Аспирант снисходительно улыбнулся:
– Ну, я не кусаюсь, на прохожих не бросаюсь…
Он нарочно отвел взгляд от Веры, как бы отводя подозрения, будто имел в виду ее. Вера, однако, вызов поняла и оценила:
– Ты не ответил на вопрос. Можно не кусаться, но быть пафосным занудой, правда же?
Благостная тишина распалась. Воздух темнел, накалялся, и ведущий поспешил вмешаться:
– Друзья, друзья. Номина сунт одиоза[27]!
– Гав! Гав! Р-р-р-ваф! – Гутионов довольно убедительно изображал лай маленькой собачонки; ни у кого не возникло ни малейших сомнений, что лай аспиранта является ничем иным, как переходом на личности, пусть и собачьи.

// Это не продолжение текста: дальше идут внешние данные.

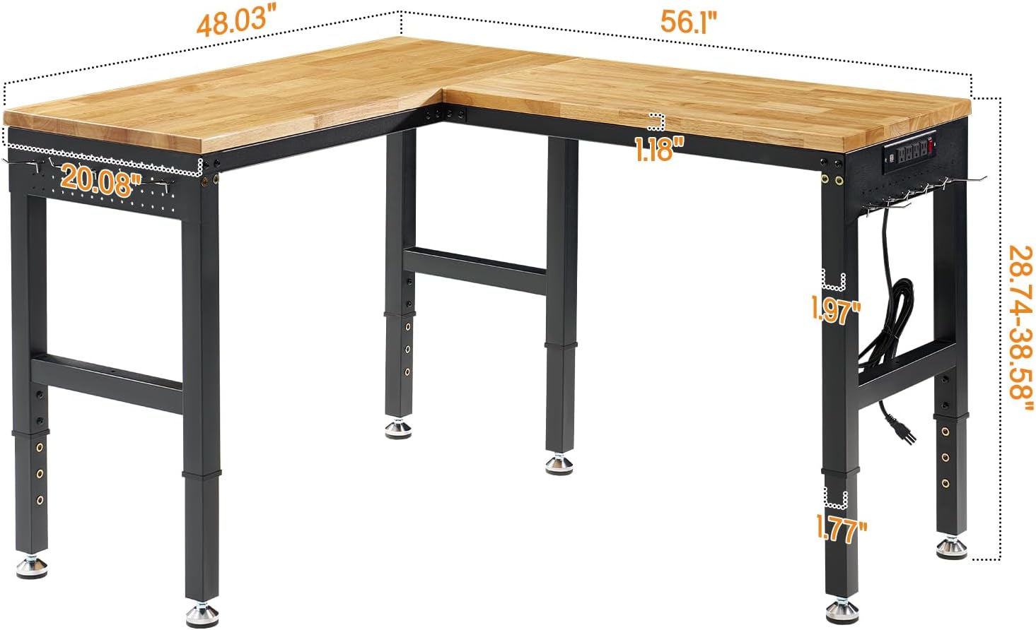 Albott 56"x48" L-Shaped Adjustable Workbench with Storage & Power Strip, Heavy Duty Tool Bench for Woodworking, Garage, Workshop, Home Office, 6000LBS Load, Pegboard & Hooks, ETL Certified
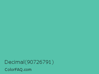 Decimal 90726791 Color is a normal cyan color and the nearest color is Tradewind #5fb3ac. Hex code #56c3ab and RGB value is rgb(86,195,171). In RGB color space, this color is composed of 34% red, 76% green, 67% blue, In CMYK color space, this color is composed of 56% cyan, 0% magenta, 12% yellow , 24% black , In HSL color space, this color has a hue angle of 167° , 48% saturation and 55% lightness.
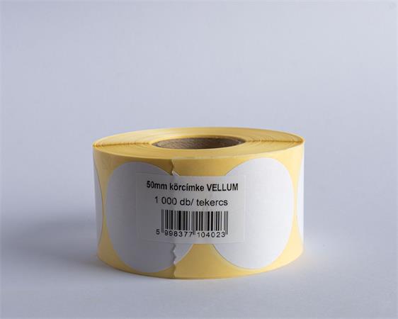 Etikety, vellum papier, 50 mm kruh, 1000 etikiet/kotúč, biele
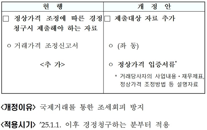 정부는 국제거래를 통한 조세회피 방지를 위해 정상가격 조정에 따른 경정청구시 거래가격 조정신고서 외에 ‘정상가격 입증서류’를 제출토록 했다. 거래당사자의 사업내용·재무제표, 정상가격 조정방법 등 설명자료가 여기에 해당한다.

– Господь! – возмущенно вскрикнула Вера. – Вот как разговаривают наши будущие кандидаты наук!
Гутионов еще некоторое время злобно рычал, переводя взгляд с Веры на Тагерта, потом умолк и улыбался со смущенным торжеством.
– Что ж, прекрасная звуковая иллюстрация к разговору о нормальном человеке. – В голосе Тагерта слышалась досада. – Ваня! А что вы, собственно, записываете? Лай Гутионова?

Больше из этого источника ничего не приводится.